The monophonic music from Der Fluyten Lust-hof by Jacob van Eyck (c.1590–1657) is the stock-in-trade of professional recorder players worldwide. The compositions bear unmistakable witness to Van Eyck’s own virtuosity: Utrecht’s blind municipal carillonneur played his recorder variations on summer evenings in the Janskerkhof, the St. John’s churchyard. In the present book the repertoire is scrutinized from a variety of perspectives: sources, transmission, interpretation, and the boundaries between improvisation and composition, to name but a few. A revealing section of this study is Chapter 5, which explores the relationship between Van Eyck’s recorder and carillon practices. In order to place Van Eyck’s oeuvre in a broader context, the author has chosen to extend the scope of his research to include comparable works by Dutch contemporaries (Paulus Matthijsz, Jacob van Noordt, Johan Dicx and Pieter de Vois), from the anthologies Der Goden Fluit-hemel and ’t Uitnemend Kabinet. Inclusion of these ‘others’ avoids presenting Van Eyck as a lone figure: he was, after all, a child of his time. The last four chapters focus on various aspects of performance practice, including instruments, time, ornamentation and delivery. The future of this repertoire is entrusted not to musicologists but primarily to performers themselves. It is on them that Jacob van Eyck – and ‘the others’ – will have to rely.
Thiemo Wind (1961) graduated from Utrecht University with a degree in musicology. He is also a professionally-trained recorder player and oboist. The present book is a revised and appended translation of his doctoral thesis, completed in 2006. Wind has published widely on early woodwinds, Haydn, Bach and other musicological subjects, and has given lectures and masterclasses at the conservatories of Utrecht, The Hague, Salzburg and Bremen. His music publications include the first complete modern edition of Jacob van Eyck’s Der Fluyten Lust-hof and the recorder sonatas of Diogenio Bigaglia. Thiemo Wind is currently employed as music editor of the Dutch newspaper De Telegraaf.
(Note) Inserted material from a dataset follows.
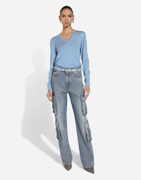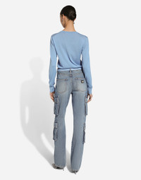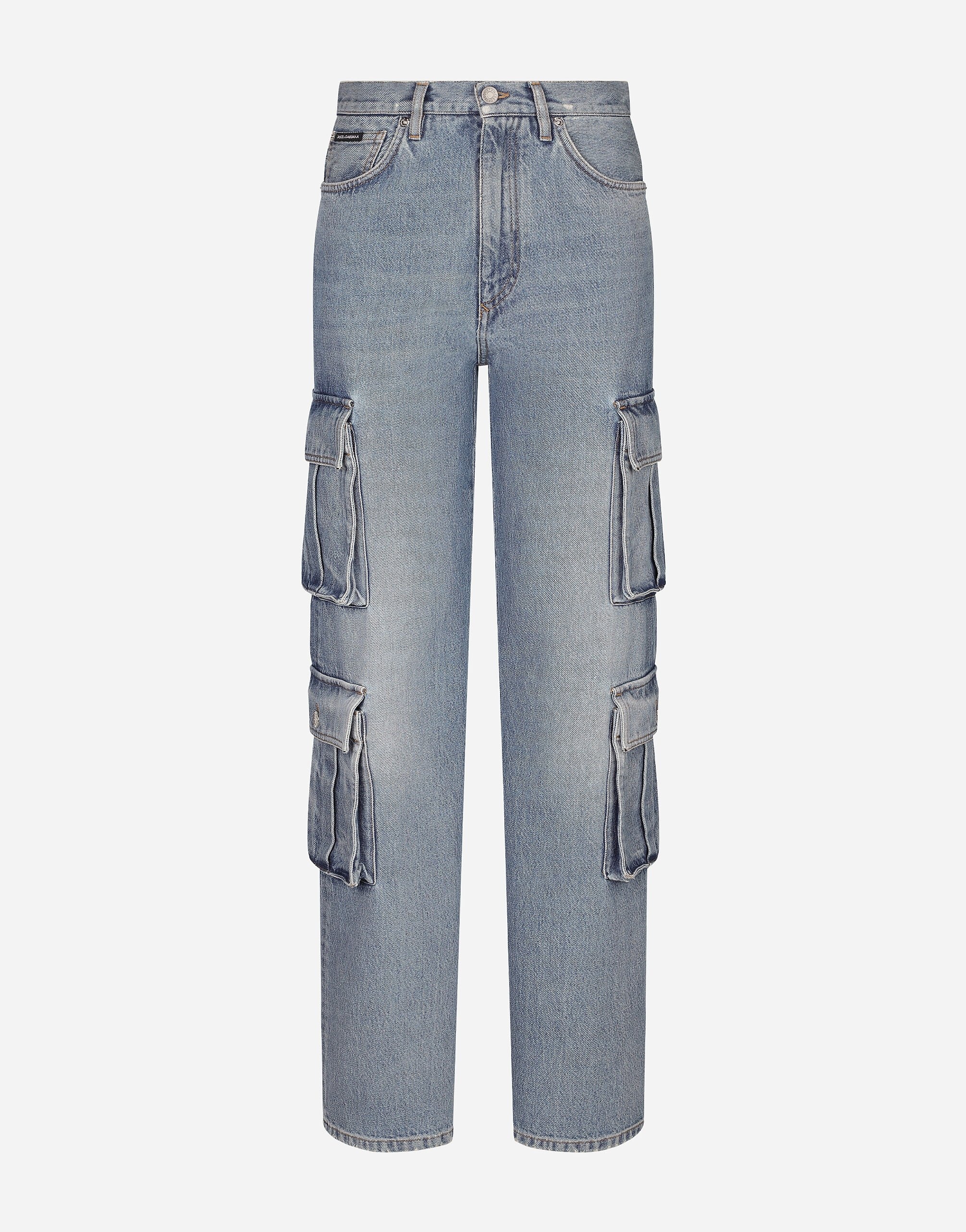 Dolce&Gabbana is conveying a new way of interpreting denim and does so by drawing inspiration from key words such as glamor and signature aesthetic, creating a collection that is perfect for every style and personality, merging femininity, modernity and originality. Vintage-look stonewash cotton denim cargo jeans: • Blue • Regular rise • Multiple pockets • Branded label on the coin pocket • Tobacco brown top-stitching • Branded metal and leather tag on the back pocket • Leg length from waistband: 107 cm • Hem: 23 cm • Zipper and branded metal button fastening • The model is 175 cm tall and wears a size IT 40 • Made in Italy External composition: 100% Cotton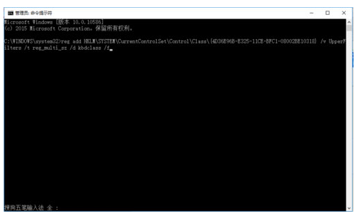 3、在CMD窗口里面输入reg add HKLM\SYSTEM\CurrentControlSet\Control\Class\{4D36E96B-E325-11CE-BFC1-08002BE10318} /v UpperFilters /t reg_multi_sz /d kbdclass /f;

(2011) 754 pages; full color; 362 music examples
'A brilliant survey of the life and work of Holland’s most famous open-air musician.’
‘A comprehensive examination of one of the most important figures in the history of the recorder, not to mention the other 17th-century Dutch composers who wrote solo works for the instrument. Provides stimulating insights into the importance of the recorder in Dutch life as well as the care with which Van Eyck crafted his compositions and how we might perform them in a historically informed manner.’
‘For any recorder player who is moved by the simplicity of the melodies or enjoys the virtuosity of the fast variations, this book offers unparalleled insight into the performance of Jacob van Eyck’s music.’